Одной личиной больше — теперь я еще и палубный матрос. Мать купилась на это неуклюжее вранье. Поскольку я ни о чем ее не просил, она приняла мое решение. А может, переживала за других детей — нас же была целая орава, — и не очень любопытствовала, как там я. Видимо, успокоилась, узнав, что я нашел себе какое-никакое место в жизни.
В «Кариб-Хилтоне» на перешейке Пуэрта де Тьерра требовался персонал. Я хотел устроиться спасателем в бассейн, но, когда я заговорил с менеджером по-английски, он предложил мне обратиться в ресторан — туда, в основном, ходили англоговорящие туристы. Меня взяли.
Смена начиналась в шесть вечера и заканчивалась в полночь.
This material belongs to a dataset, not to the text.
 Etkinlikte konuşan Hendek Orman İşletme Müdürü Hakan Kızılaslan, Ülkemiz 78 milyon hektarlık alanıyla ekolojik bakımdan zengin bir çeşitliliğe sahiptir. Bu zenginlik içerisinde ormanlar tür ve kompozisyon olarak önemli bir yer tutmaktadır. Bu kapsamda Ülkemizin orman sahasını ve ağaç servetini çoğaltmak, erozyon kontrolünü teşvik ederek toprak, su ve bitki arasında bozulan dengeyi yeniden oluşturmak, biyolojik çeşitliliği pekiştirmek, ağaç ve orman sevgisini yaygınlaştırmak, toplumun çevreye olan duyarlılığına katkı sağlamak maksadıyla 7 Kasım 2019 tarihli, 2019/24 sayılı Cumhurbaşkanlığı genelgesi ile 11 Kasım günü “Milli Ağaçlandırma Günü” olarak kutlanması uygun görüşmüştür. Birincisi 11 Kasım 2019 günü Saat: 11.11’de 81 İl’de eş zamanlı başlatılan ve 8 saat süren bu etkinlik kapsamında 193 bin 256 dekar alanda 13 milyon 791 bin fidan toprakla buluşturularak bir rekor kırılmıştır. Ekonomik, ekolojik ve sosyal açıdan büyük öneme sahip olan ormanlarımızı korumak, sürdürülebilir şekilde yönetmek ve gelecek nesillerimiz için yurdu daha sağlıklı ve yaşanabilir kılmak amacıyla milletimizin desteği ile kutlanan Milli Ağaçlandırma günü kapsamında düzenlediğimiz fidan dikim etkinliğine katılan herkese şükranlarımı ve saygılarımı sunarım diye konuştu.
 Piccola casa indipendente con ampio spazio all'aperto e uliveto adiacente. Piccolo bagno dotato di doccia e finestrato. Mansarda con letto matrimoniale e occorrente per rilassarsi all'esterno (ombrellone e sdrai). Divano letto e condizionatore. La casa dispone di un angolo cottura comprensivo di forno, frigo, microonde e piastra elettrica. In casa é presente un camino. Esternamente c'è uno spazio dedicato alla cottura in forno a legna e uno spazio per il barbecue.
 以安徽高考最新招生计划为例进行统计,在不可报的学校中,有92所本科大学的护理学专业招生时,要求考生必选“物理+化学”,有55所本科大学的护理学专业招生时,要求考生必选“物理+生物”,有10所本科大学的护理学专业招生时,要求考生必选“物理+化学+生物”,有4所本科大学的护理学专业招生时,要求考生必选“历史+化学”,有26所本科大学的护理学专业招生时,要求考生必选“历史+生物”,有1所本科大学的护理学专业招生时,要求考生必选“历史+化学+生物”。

Туда и обратно я ездил на автобусе. В общем, приносил в дом деньги. Мона пошла учиться на курсы испанского. Больше ее ни на что не хватало — пузо, зной, недомогания…
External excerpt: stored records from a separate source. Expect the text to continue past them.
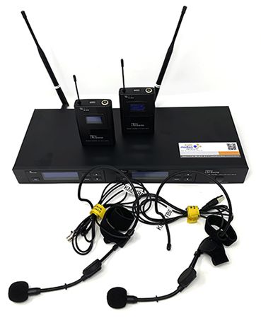 Das Funkset besteht aus zwei Taschensendern und stationärem Doppel-Empfänger. Die Taschensender des Drahtlos-Sets sind mit einem Display ausgestattet, sodass ihre Bedienung einfach und übersichtlich ist.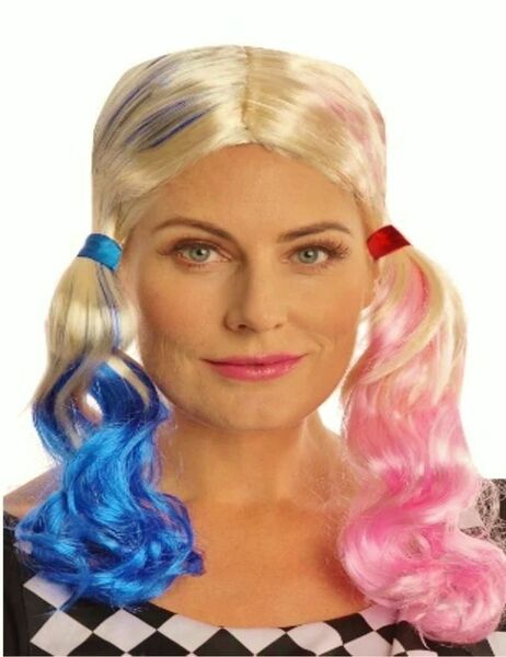 The wig is made from long synthetic yellow blonde & pink/blue hair styled into two side pigtails secured with coloured ribbons, attached to an elastic cap that will stretch to fit most adult heads.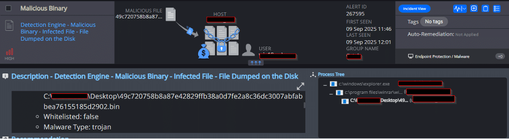 Cynet’s AV/AI engine detects that malicious files were dumped on the disk or are attempting to run: - Threat Intelligence Detection Malicious Binary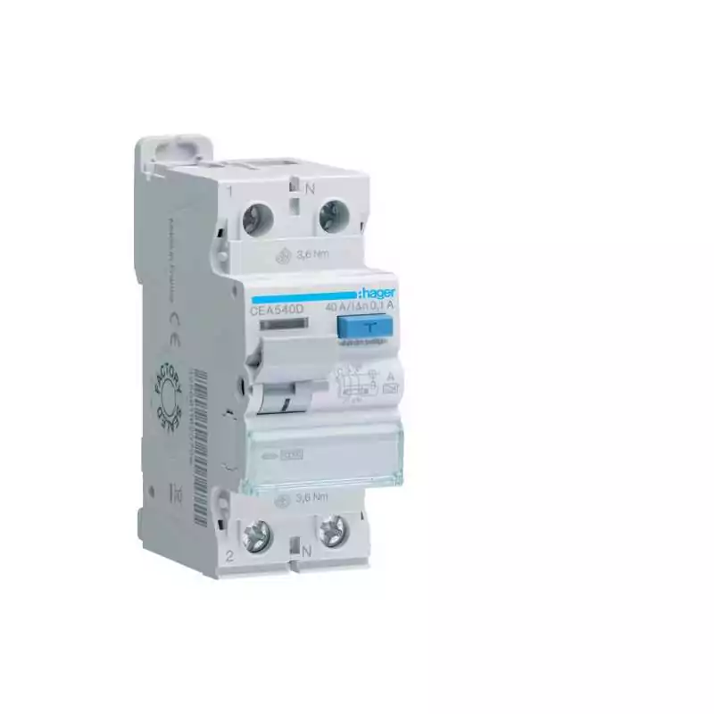 Întreruptor diferențial RCCB Hager CEA540D este un dispozitiv de protecție cu 2 poli, capabil să suporte un curent de scurtcircuit de 10kA la un curent nominal de 40A. Acest model Tip A oferă o sensibilitate de 100mA pentru protecție împotriva curenților de defectare. Fi-șalterul asigură securitate în instalațiile electrice prin detectarea curenților reziduali. Produsul se încadrează în categoria dispozitivelor de protecție diferențială pentru aplicații rezidențiale și industriale, fiind componentă esențială în sistemele de distribuție energetică și securitate electrică.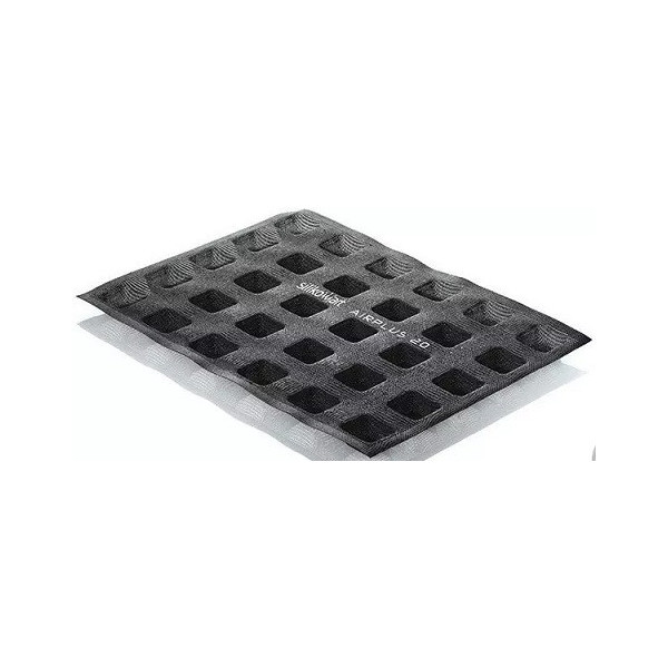 Gli stampi Air Plus Square della Linea professionale di stampi AIRPLUS "Microperforated Moulds", grazie alla trama microforata ed al materiale, 100% silicone platinico e alla fibra di vetro sono completamente antiaderenti, permettono una uniforme diffusione del calore ed una perfetta cottura in tempi ridotti.

Пуэрториканцы были к нам добры. У пуэрториканца два лица: серьезное, почтительное, подобострастное — для гринго: «Чего изволите, босс?» (это мне было знакомо по уборке спаржи) и озорное, шебутное, добросердечное, приберегаемое для соотечественников. Со мной и Моной они обращались как с членами семьи. Заковыристые проблемы были им не в новинку, и вопросов они не задавали. Я исполнился к ним благодарности, хотя и не сразу уяснил причину их доброго отношения — а они видели, что бледная беременная молодая женщина и парень помладше — наверняка с ней не расписанный — ездят на автобусах, сидят на площади, выходят из подъезда старого дома неподалеку от дорогого ресторана «Ла Сарагосана» (в ресторане мы ни разу не побывали). В общем, нам сочувствовали.
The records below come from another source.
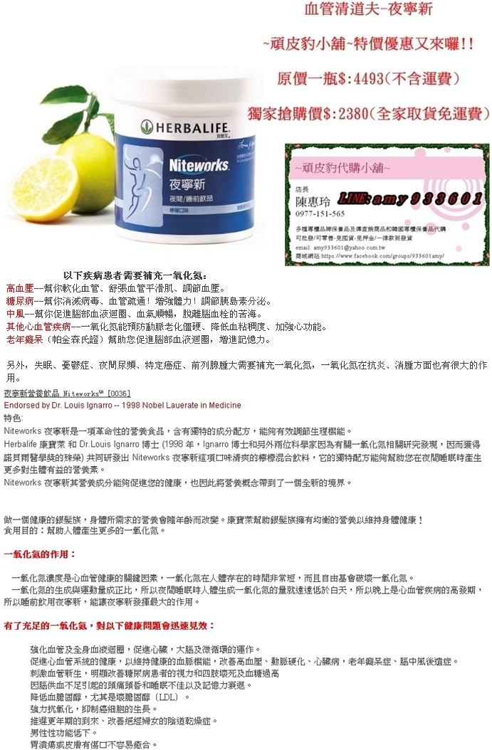 血液透過動脈循環流動 , 可為身體內的每一個細胞供應氧氣和養分 , 使它們發揮最佳功能 , 從多位科學家 ( 包括 Ignarro 博士 )的研究結果 , 已證實一氧化氮的製造是確保正常循環機能的一大要素。而一氧化氮的數量會隨著年紀增長而逐漸降低。Niteworks 夜寧新是*****獨家調配的氨基酸 , 通過人體幫助增加一氧化氮的數量 , 以維持健康。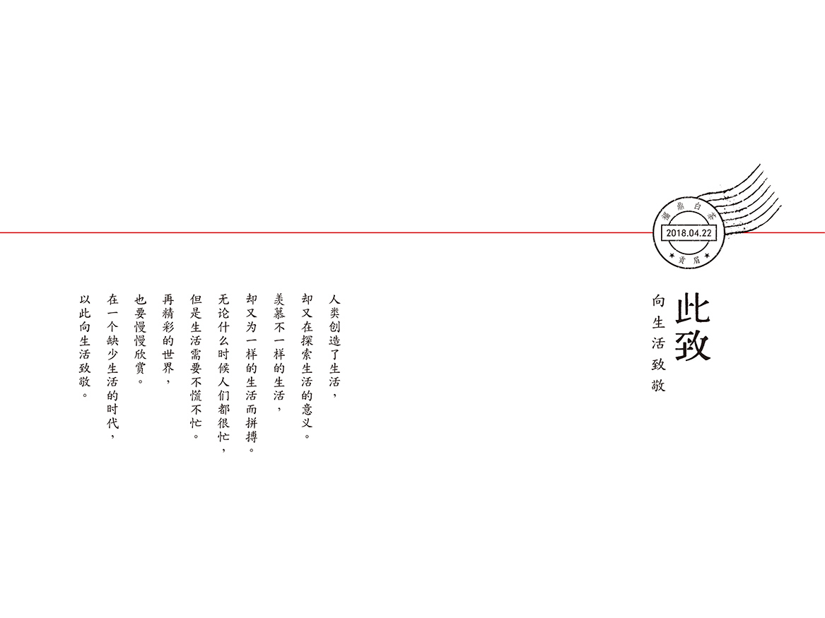 【此致】品牌最直接的聯想:書信,所以我們的創作就以從前書信的形式展開。從前“書信”是一種向特定對象傳遞信息、交流思想感情的方式,通過“書信”的形式不僅可以傳達品牌的思想感情,而且能給人以“見字如面”的親切感,喚醒我們每一個人對過去最美好的回憶,相比現代的數字化電子化更有溫度。并且“書信”這種形式高度契合木心先生的《從前慢》:“從前的日色變得慢,車、馬、[郵件]都慢,一生只夠愛一個人。”非常之美,意象中透著“從前”詞與物的美,與一個愈來愈快的對世界的感受相比,從前的慢直接轉化成一種美,一種好,一種樸素的精致,一種生命的哲學。創作形式融合了品牌概念并賦予品牌以靈魂。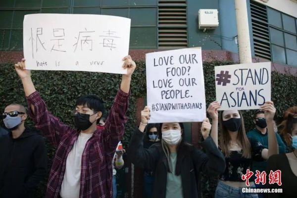 ▲当地时间2021年2月27日,数百人在美国旧金山湾区圣马特奥市参加反对歧视亚裔的集会。(图片来自中新社 刘关关摄)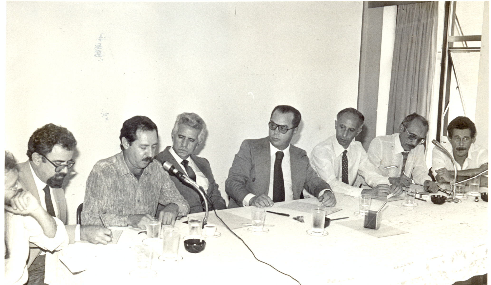 Painel sobre "Plano Cruzado", realizado na Fundação João Pinheiro (FJP). A partir da esquerda vê-se: Ronaldo Lamounier Locatelli; Teodoro Alves Lamounier; Clélio Campolina Diniz; Aluísio Pimenta; Hindemburgo Chateaubriand Pereira Diniz, presidente da FJP; Carlos Maurício de Carvalho Ferreira; Antônio Maria da Silveira e José Afonso Bicalho Beltrão da Silva.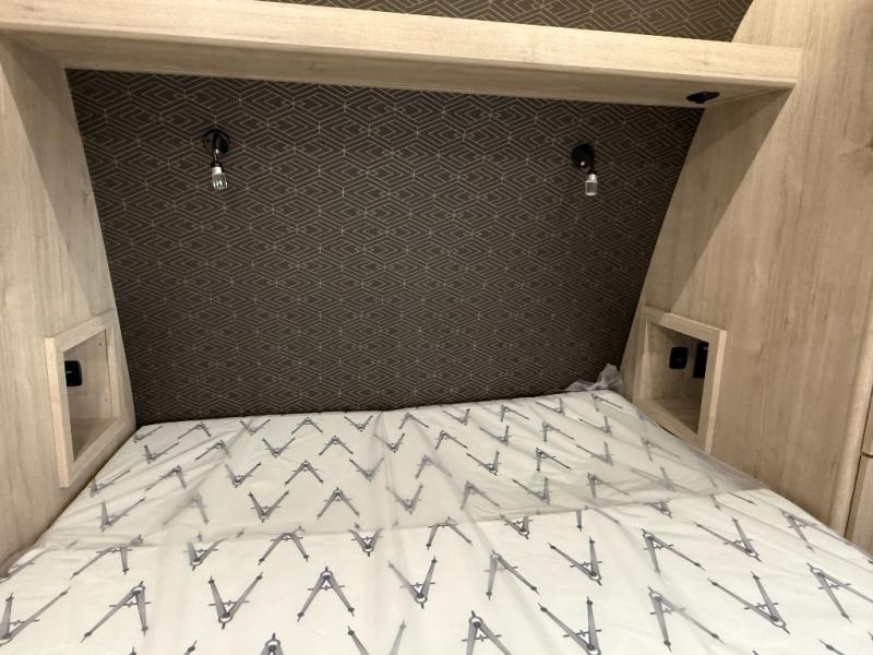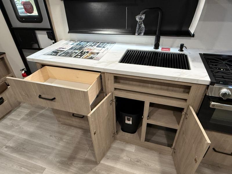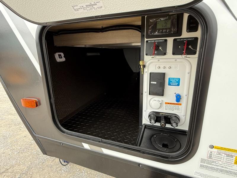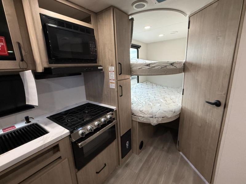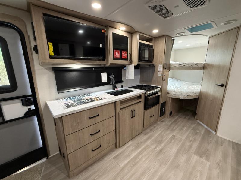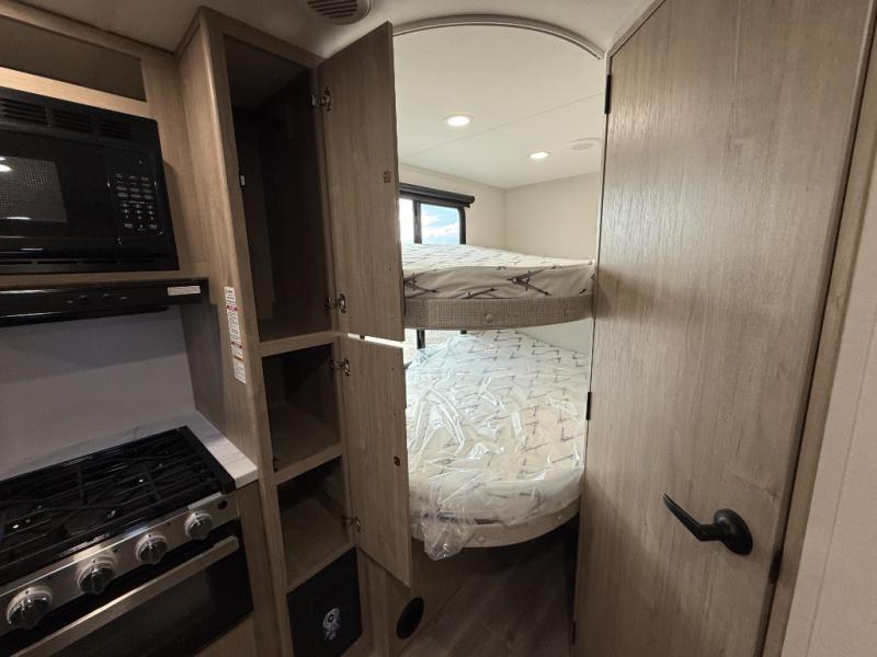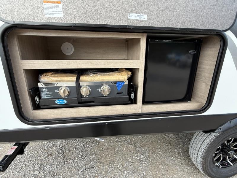 This travel trailer has everything you need for a great vacation! You will never miss home when you see all of the amenities included on this trailer. There is a full bathroom for easy morning routines, a set of 47" x 76" double over double-size bunks with privacy curtains for compact sleeping, a U-shaped dinette for meal times, and a full kitchen with all of the appliances needed for filling meals. You could even switch out the dinette for an optional theater dinette. The front Murphy bed not only provides versatility with a bed to sleep on at night, and a seating area during the day, but also a removable interior/exterior table. In addition to all of that, you'll also find an outdoor griddle and 1.6 cu. ft. refrigerator that you can use when the weather is nice. The unobstructed pass-through storage will be able to store your fishing poles and sports equipment while you travel.

Мои родичи считали, что я работаю матросом, своим Мона сказала, что преподает в школе в Нью-Йорке. До правды никто не докопается — мы слишком далеко. Письма, приходившие на имя Моны, поступали на адрес Фреда, и он пересылал их стопками раз в неделю.
Так прошло два месяца.
Сан-Хуан был для нас совсем чужим, и меня это лишь успокаивало. Пуэрториканцы верили нам на слово — ведь здесь нас не знала ни одна живая душа. Мне нравилась эта анонимность — в ней было что-то чистое, неиспорченное. Здесь я был всего лишь тощим парнишкой, живущим в комнате на улице Сан-Франсиско вместе с беременной молодой женщиной, парнишкой, который каждый вечер в пять часов садится на автобус до Исла-Верде и сходит у «Кариб-Хилтона». Питались мы, в основном, консервированным супом. Когда вечером включали свет, по углам разбегались блестящие, с лиловым отливом тараканы. В воздухе висела пыль и шум — казалось, мы не в четырех стенах живем, а посреди улицы, от одного высокого окна к другому течет людской поток даже море билось нам в стекла, захлестывая рамы доверху. Но нас никто не знал, а значит, нам нечего было стыдиться а безотрадная нищета была тут общим уделом.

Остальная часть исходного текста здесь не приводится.